Quote, exactly, the line holding "Met de paardentram" and all lines after it to the end of the records below. Exclude pictures.

(Saved entries)
——————————

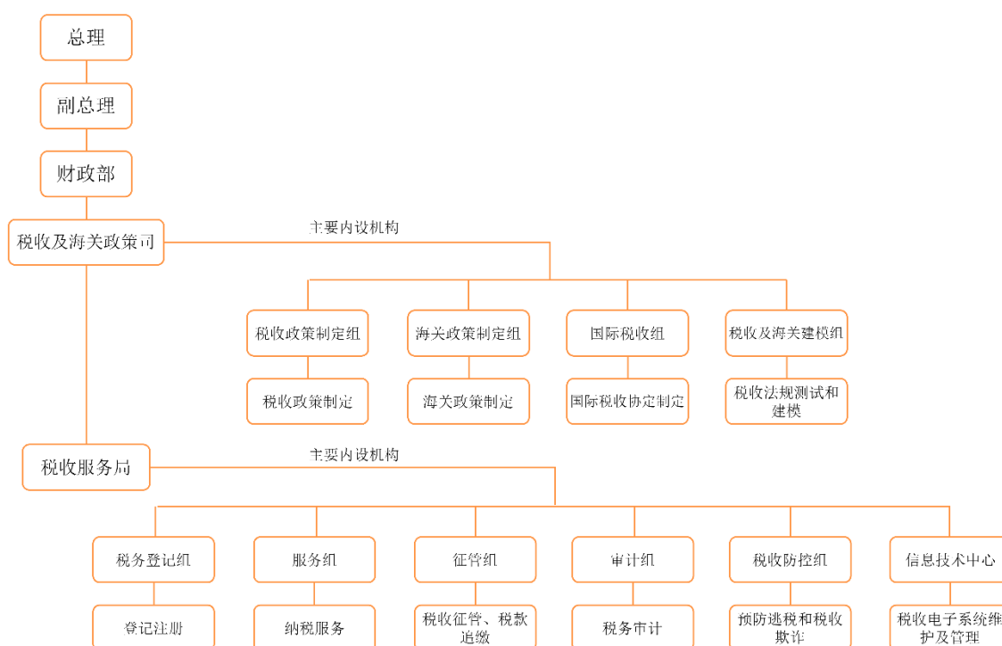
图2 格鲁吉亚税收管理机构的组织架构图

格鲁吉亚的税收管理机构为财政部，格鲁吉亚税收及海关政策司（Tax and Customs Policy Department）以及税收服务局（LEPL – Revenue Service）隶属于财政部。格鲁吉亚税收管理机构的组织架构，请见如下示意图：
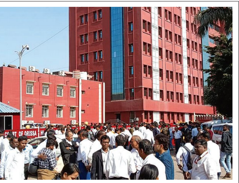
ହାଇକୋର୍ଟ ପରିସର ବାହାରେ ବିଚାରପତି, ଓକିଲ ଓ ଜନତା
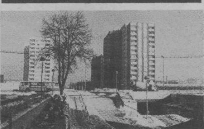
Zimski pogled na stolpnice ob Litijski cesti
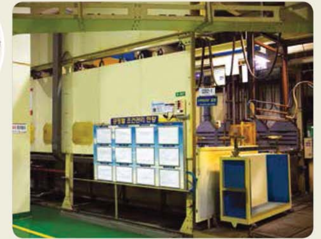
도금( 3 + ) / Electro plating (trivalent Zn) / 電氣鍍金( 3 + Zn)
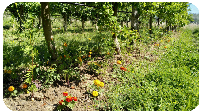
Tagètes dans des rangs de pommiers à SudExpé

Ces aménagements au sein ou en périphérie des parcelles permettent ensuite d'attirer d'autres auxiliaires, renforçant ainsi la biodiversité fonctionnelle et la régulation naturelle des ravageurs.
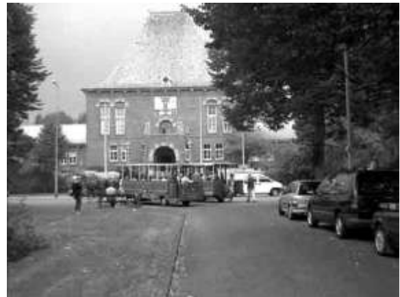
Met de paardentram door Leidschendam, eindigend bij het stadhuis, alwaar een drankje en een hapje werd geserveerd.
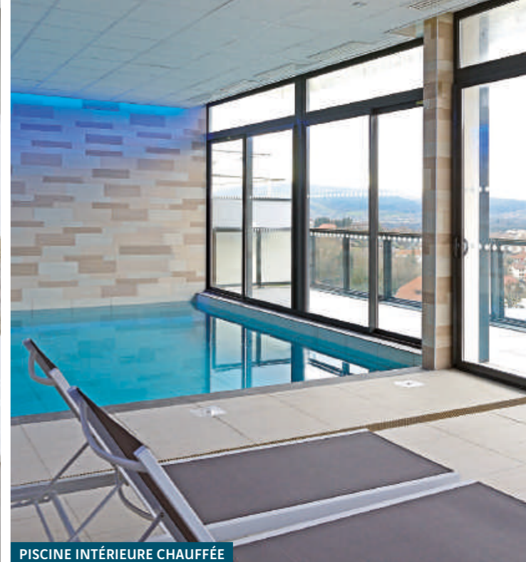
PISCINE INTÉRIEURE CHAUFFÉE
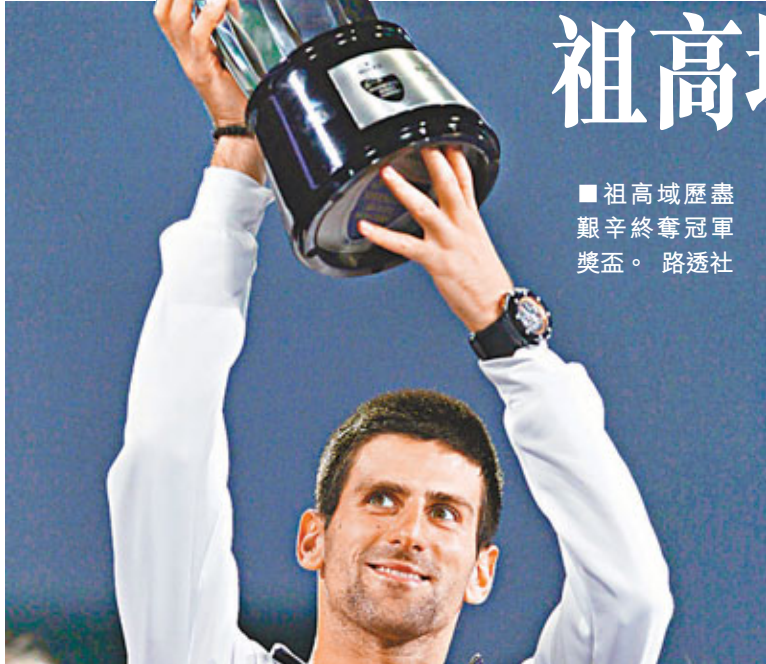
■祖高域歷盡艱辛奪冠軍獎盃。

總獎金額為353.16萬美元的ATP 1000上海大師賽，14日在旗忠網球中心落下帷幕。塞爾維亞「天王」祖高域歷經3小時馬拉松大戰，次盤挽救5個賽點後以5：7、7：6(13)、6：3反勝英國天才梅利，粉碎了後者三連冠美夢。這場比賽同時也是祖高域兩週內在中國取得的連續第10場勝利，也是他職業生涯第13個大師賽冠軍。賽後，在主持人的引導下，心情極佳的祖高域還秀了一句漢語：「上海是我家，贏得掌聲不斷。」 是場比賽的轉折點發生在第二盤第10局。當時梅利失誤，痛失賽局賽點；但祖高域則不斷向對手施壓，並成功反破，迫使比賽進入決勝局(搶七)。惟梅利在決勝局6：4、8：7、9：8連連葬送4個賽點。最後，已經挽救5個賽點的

——————————

_Expected answer_
Met de paardentram door Leidschendam, eindigend bij het stadhuis, alwaar een drankje en een hapje werd geserveerd.
PISCINE INTÉRIEURE CHAUFFÉE
■祖高域歷盡艱辛奪冠軍獎盃。

總獎金額為353.16萬美元的ATP 1000上海大師賽，14日在旗忠網球中心落下帷幕。塞爾維亞「天王」祖高域歷經3小時馬拉松大戰，次盤挽救5個賽點後以5：7、7：6(13)、6：3反勝英國天才梅利，粉碎了後者三連冠美夢。這場比賽同時也是祖高域兩週內在中國取得的連續第10場勝利，也是他職業生涯第13個大師賽冠軍。賽後，在主持人的引導下，心情極佳的祖高域還秀了一句漢語：「上海是我家，贏得掌聲不斷。」 是場比賽的轉折點發生在第二盤第10局。當時梅利失誤，痛失賽局賽點；但祖高域則不斷向對手施壓，並成功反破，迫使比賽進入決勝局(搶七)。惟梅利在決勝局6：4、8：7、9：8連連葬送4個賽點。最後，已經挽救5個賽點的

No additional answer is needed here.